EUR/USD positioning is probably as low as it has been since last summer . Until the data release it will be the familiar pattern of tracking Bund yields and Greek headlines ; the former trading quite firmly as we open . I am generally positive on the dollar but wonder (mindful of the NFP reaction) whether the easier trading opportunity is to play Euro topside on a weak release and in the event of a strong outcome to get long of USD/JPY given greatly reduced participation . Overall I do prefer playing a positive dollar theme but think we are in a mode where flexibility is at a premium . Support expected at 1.1215 (Tuesday’s low) and on a big positive surprise back towards 1.1100 ; whilst last week’s and this week’s 1.1380/87 double top represents the initial resistance point protecting the 1.1468 cycle high .

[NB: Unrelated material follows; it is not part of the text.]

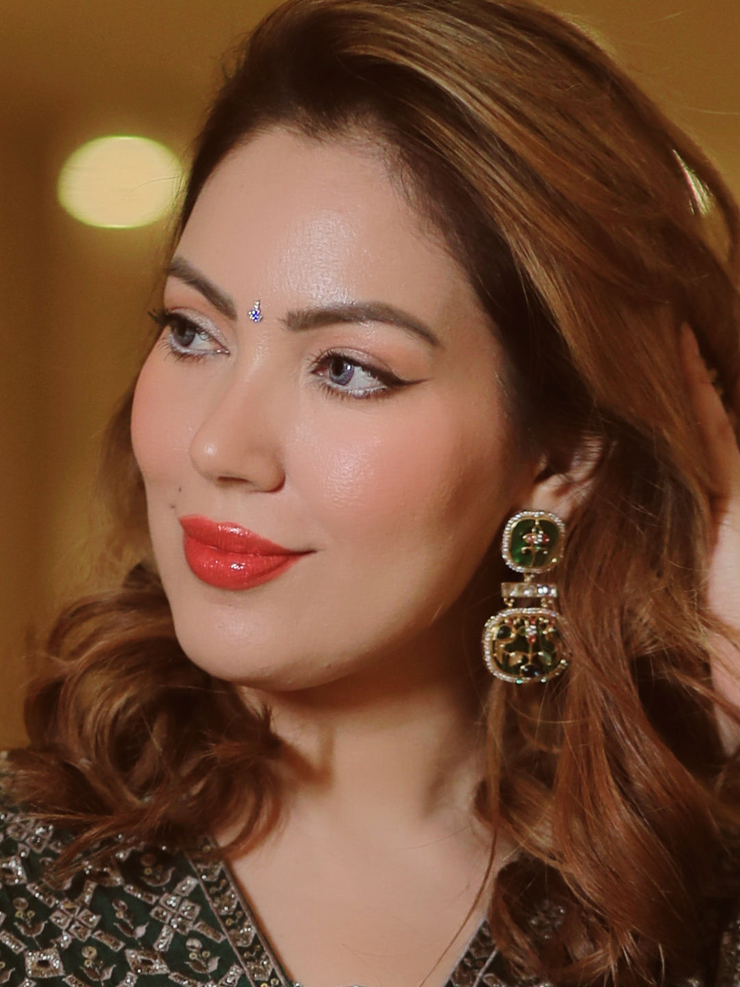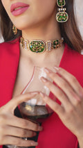 Immerse yourself in the charm of traditional artistry with the Handmade Meenakari Choker Set, a true masterpiece that reflects the beauty of classic craftsmanship. The choker features intricate meenakari work in a rich dark green hue, accentuated by elegant scrollwork details, creating a look that embodies timeless sophistication and grace.
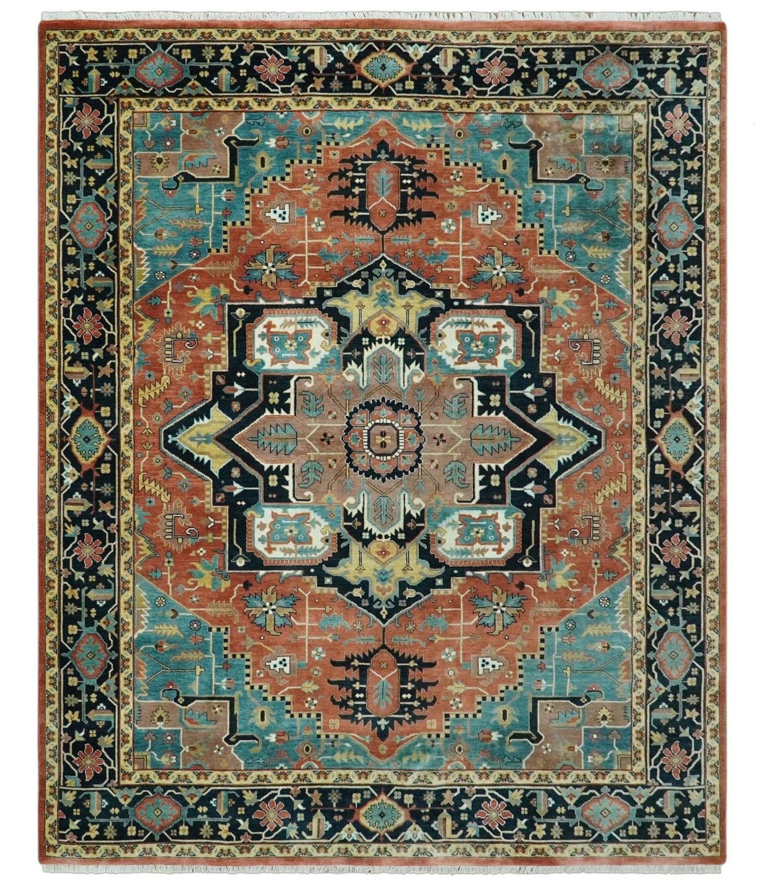 8x10 Fine Hand Knotted Rust, Teal and Dark Blue Traditional Heriz wool area rug - 8x10 is backordered and will ship as soon as it is back in stock.

Citi: Spot EUR: All set for the data
The whole market has been waiting for today’s retail sales print out of the US, which is important for our understanding of the US Economy after the Q1 slowdown. One is not a trend, so today’s report will need to be strong in order to build on the momentum from last week’s NFP data. Spending has been very slow to recover so the control group reading will be closely watched to prove that the slowdown was not secular. The headline print is poised to come out strong with the recent surges in auto sales and rebound in gasoline.
A control group reading above the 0.5% consensus would be positive for the USD going into next week’s crucial Fed meeting. I think that we will touch either side of the recent 1.1050 to 1.1385 range, depending on the data print. I plan on going into the data short Euros as last week’s NFP report saw a higher-than-average increase in retail employment, which should filter through to today.